**EXERCISE**:
Data follows below. Repeat exactly the lines between the line holding "램프 + 블루투스 리모콘" and the line holding "고객이 봤을 때 상품이", inclusive, and nothing more; drop pictures.

**RECORDED INFORMATION**:
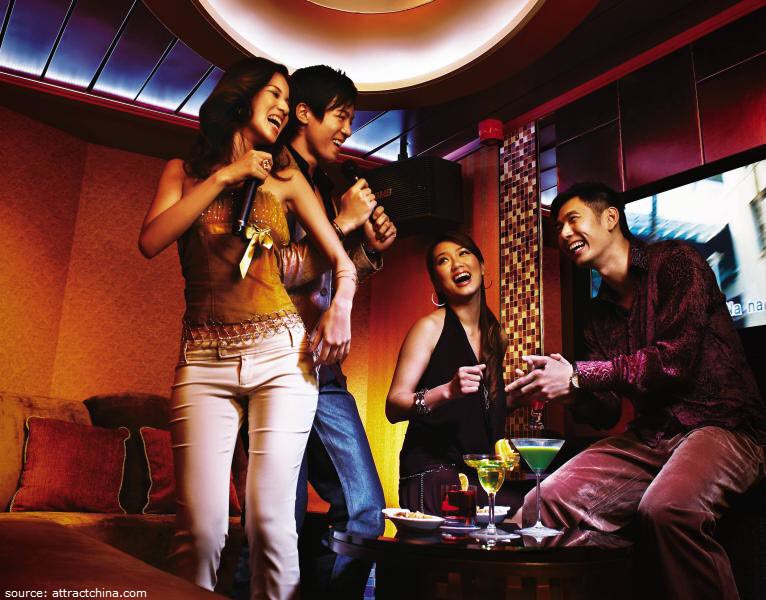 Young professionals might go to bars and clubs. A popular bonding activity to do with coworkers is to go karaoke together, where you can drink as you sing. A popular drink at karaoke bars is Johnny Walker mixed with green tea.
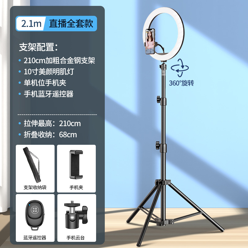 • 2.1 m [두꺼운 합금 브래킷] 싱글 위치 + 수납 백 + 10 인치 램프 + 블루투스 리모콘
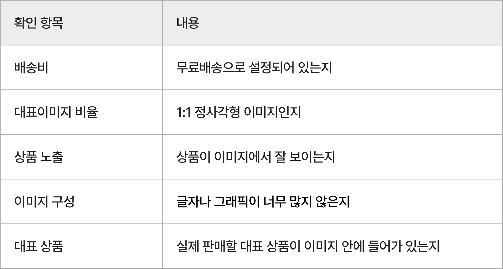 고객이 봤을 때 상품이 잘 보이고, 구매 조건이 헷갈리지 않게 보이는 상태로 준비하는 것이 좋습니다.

* * *

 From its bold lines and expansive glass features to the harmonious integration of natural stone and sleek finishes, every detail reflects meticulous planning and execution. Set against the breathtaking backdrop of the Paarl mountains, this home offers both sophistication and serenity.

**YOUR SOLUTION**:
 • 2.1 m [두꺼운 합금 브래킷] 싱글 위치 + 수납 백 + 10 인치 램프 + 블루투스 리모콘
 고객이 봤을 때 상품이 잘 보이고, 구매 조건이 헷갈리지 않게 보이는 상태로 준비하는 것이 좋습니다.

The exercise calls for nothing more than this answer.